Daring to Dream

As my mind has been cluttered with preparations and stresses in returning to school, I have been thinking a lot about what this year holds and where I will be at this time next year. I am beyond excited for my classes and experiences I will encounter this last year but also anxious about the serious implications it holds. People, with the best intentions, have been saying things like "it's your senior year! Arn't you so excited?" and "what are your plans after graduation" and "wow, senior year already? You're growing up so fast!". While I have deep gratitude for the people in my life who care enough to ask, sometimes all I just want to shout "I am actually quite anxious and terrified about life after graduation. I have no idea where i'll be, or what i'll do and I don't need reminders that my life is ticking away quicker than a time bomb, and that in a flash, it will all be over.

You see, I have become quite comfortable with the "adult in training"
version of myself and though life can be super stressful around me, I am still part of a stable structure. That structure is found within my university, my friends, and my family and the thought of these structures becoming disconnected or damaged in any way is a ghastly idea. I imagine myself walking across the stage and receiving the diploma I have worked so hard for. I imagine celebrating with two of my best friends as they join their lives together in marriage the following day. I imagine rejoicing with friends for what we just accomplished and tearfully saying goodbyes as we part ways, each to continue on their own path. Then after the excitement has worn away, I imagine feeling alone and vulnerable still searching for a job, an apartment, and for purpose. I see bills piling up, student loan payments beginning, and a whole lot of emptiness inside my soul.
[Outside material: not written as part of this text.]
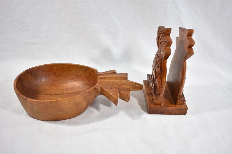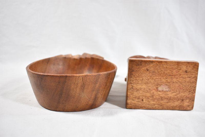 Bowl is marked "Moore International, Honolulu, Monkeypod Wood Bowl - 9.5 x 2.25"; napkin holder is 6.25" high
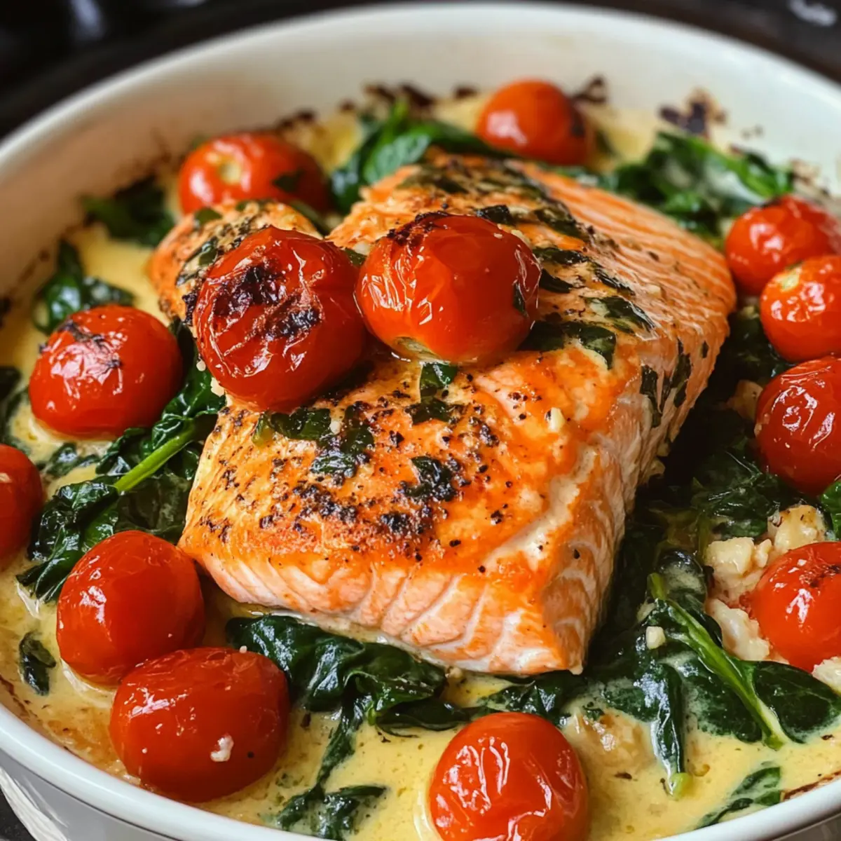 Satisfaction garantiert: Der zarte, saftige Lachs kombiniert mit cremigem Spinat und süßen Kirschtomaten sorgt für ein Geschmackserlebnis, das uns alle begeistert.

The moment when my deepest hidden fears become reality, and I become someone i'm not only to make ends meet.

The one constant rescuing me from this quicksand way of thinking is my dreams. Ever since I can remember I have been an optimist and a dreamer like most children are I suppose, but also like most children, I have been robbed of this beautiful joy somewhere along the way. The older I get, the deeper my dreams sink, gasping for breath as they drown in pools of realism and responsibility. Many times, even the idea of dreaming is ridiculed in the adult world because it steals time away from practical solutions and important conversations. But what if dreaming is more than a thought, more than an ideal, and much larger than any childish notion?


Every concept, every business, every product ever invented have one small thing in common, they all started with a dream. Some of these dreams happened by accident, developing over time and others were so large and unimaginable that no one believed they could ever happen. Imagine telling people a few centuries ago about automobiles, ipads, and the amazing portal called the internet; they may have thought you fell off the carriage head first and gone mad. Yet those things exist because of dreams and from people determined enough to make those dreams become a reality.

So I say, you know? I am going to dream, and i'm going to dream big! My head isn't so far in the clouds that I forget reality, but I also leave room for dreams, knowing that someday, they may become reality. I understand that not all my dreams may come true, perhaps none of them, but why should I limit my thoughts to what already is? This only allows fears and anxiety to completely take over, killing minds and slowly demoralizing the entirety of human existence.


They say the first step to recovery is admitting you have a problem, and I believe that the first step in making dreams a reality is sharing them in a concrete way, turning vapors to solids and and creating innovation from concepts. This can only be accomplished if 1.) you allow yourself to dream and 2.) you allow those dreams to escape your mind and enter into the real world, and 3.) you take action in making these dreams a reality. How much better would society be if we became people who were taught the dangerous combination of both dreaming and hard work?

If you ask me what my plans are after graduation, I will probably still tell you I am not sure, and that this uncertainty terrifies me, but if you search deeper you will a find a girl who is daring to dream. Daring to dream about traveling the world one continent at a time. Daring to dream about creating self-sustainable efficiency housing for those who don't have a place to call their own. Daring to dream about studying in Australia or the UK for my masters in design. Daring to dream about full-time missional living. Daring to dream for my godly husband and beautiful children. Daring to dream for the success of my own design firm in staying true to my values. Daring to dream to live life to the fullest, and never ignore opportunities to learn and grow. These are just a few of my dreams, won't you dare to dream too?